Reputation: 744
I am having HTML source as
<ul class="content">
<li class="">
<div class="profile-card">
<div class="content">
<a href="https://www.linkedin.com/in/ouafae-ezzine-894b113">
Ouafae Ezzine
</a>
<p class="headline">
Organise vos evenements professionnels & personnels
</p>
<dl class="basic">
<dt>
Location
</dt>
<dd>
France
</dd>
<dt>
Industry
</dt>
</dl>
<table class="expanded hide-mobile">
<tbody>
<tr>
<th>
Current
</th>
<td>
Responsable at Blue Med Events
</td>
</tr>
<tr>
<th>
Past
</th>
<td>
Administrateur achats at Pfizer
</td>
</tr>
<tr>
<th>
Education
</th>
<td>
Universite d'Evry Val d'Essonne
</td>
</tr>
<tr>
<th>
Summary
</th>
<td>
Riche d'une experience de plus de 25 ans dans le domaine de l'organisation evenementielle, je mets mon expertise...
</td>
</tr>
</tbody>
</table>
</div>
</div>
</li>
<li class="">
<div class="profile-card">
<div class="content">
<h3>
<a href="https://www.linkedin.com/in/ouafae-ezzine-892855b6">
Ouafae Ezzine
</a>
</h3>
<p class="headline">
Gerante
</p>
<dl class="basic">
<dt>
Location
</dt>
<dd>
France
</dd>
<dt>
Industry
</dt>
<dd>
Events Services
</dd>
</dl>
<table class="expanded hide-mobile">
<tbody>
<tr>
<th>
Current
</th>
<td>
Gerante
</td>
</tr>
</tbody>
</table>
</div>
</div>
</li>
</ul>
I have written a python code which will find if a given string exists in the page or not.

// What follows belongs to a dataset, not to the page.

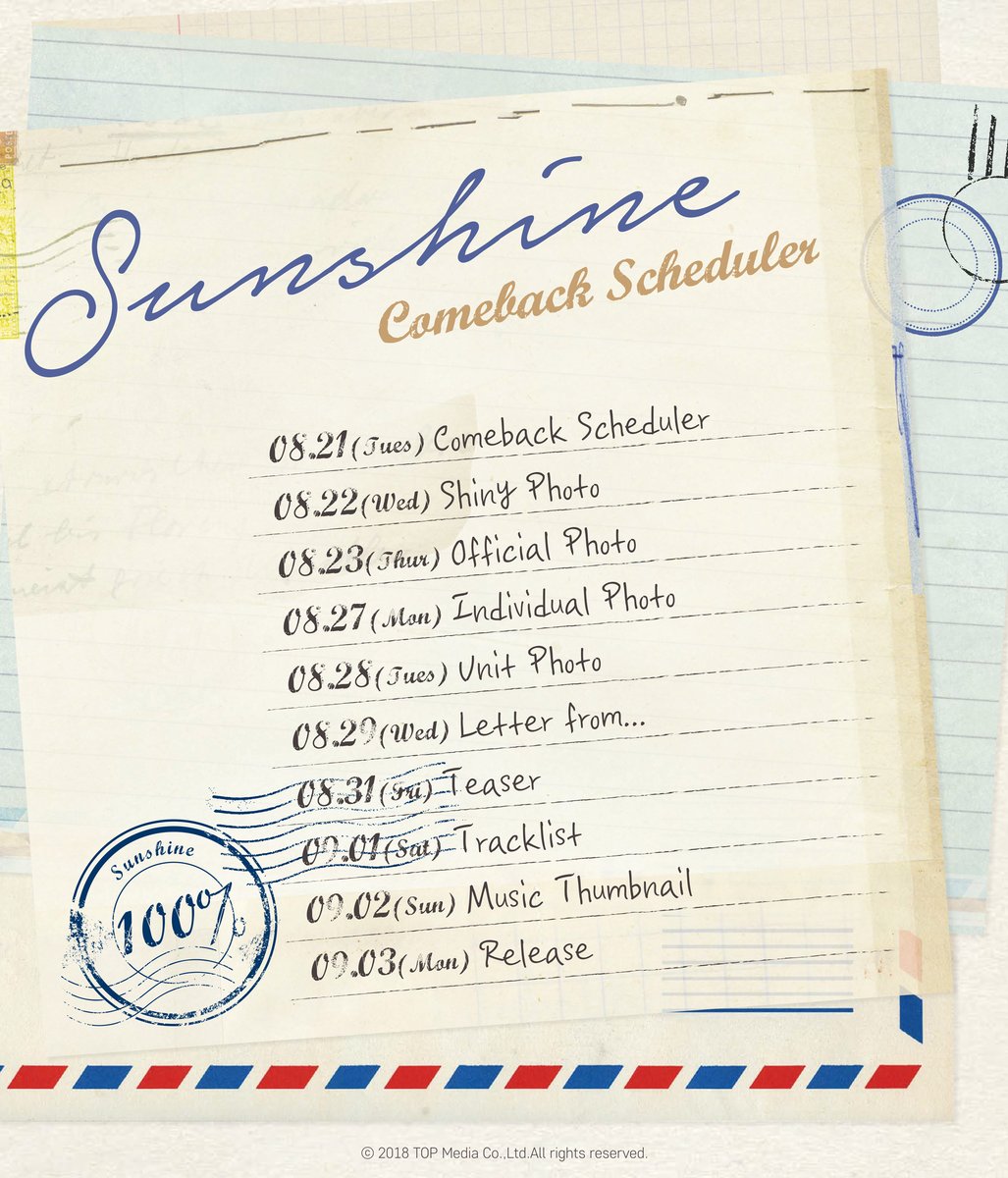 Le 21 août, les garçons ont annoncé la sortie de “Sunshine“, un opus qui sera dévoilé le 3 septembre. Un planning a été mis en ligne concernant les pré-promotions en ligne de cet opus. La première photo teaser sortira dans la journée, et le reste du teasing habituel se mettra en place dans les jours suivants. Voici le planning :

I am trying to write logic to extract the anchor links associated to a particular profile if the string is associated with that profile(anchor tag).
my python snnipet:
from selenium import webdriver
driver = webdriver.Firefox()
driver.get('file:///nfs/users/lpediredla/Documents/linkedin/Top2profLinkedIn.html')
ids = driver.find_elements_by_xpath("//*[contains(text(), 'Organise vos evenements professionnels')]")
#don't know how to associate the element with the profile
#please help with the logic here.
driver.close()
I am struck at this point trying to associate the element with the profile bucket it sits in.
Any help is much appreciated.
Upvotes: 1
Views: 162
Reputation: 180522
What you want is preceding-sibling::a
to find the anchor tags before the p tags that contain the text 'Organise vos evenements professionnels'
:
"//p[contains(text(), 'Organise vos evenements professionnels')]/preceding-sibling::a"
Using your html:
In [11]: from lxml.html import fromstring
In [12]: xml = fromstring(html)
In [13]: print(xml.xpath("//p[contains(text(), 'Organise vos evenements professionnels')]/preceding-sibling::a"))
[<Element a at 0x7f5cae670188>]
In [14]: print(xml.xpath("//p[contains(text(), 'Organise vos evenements professionnels')]/preceding-sibling::a//text()"))
['\n Ouafae Ezzine\n ']
If you want to have a case insensitive match you can translate:
"//p[contains(translate(text(),'ORGANISEVOSPRLT','organisevosprlt'), 'organise vos evenements professionnels')]/preceding-sibling::a"
Upvotes: 1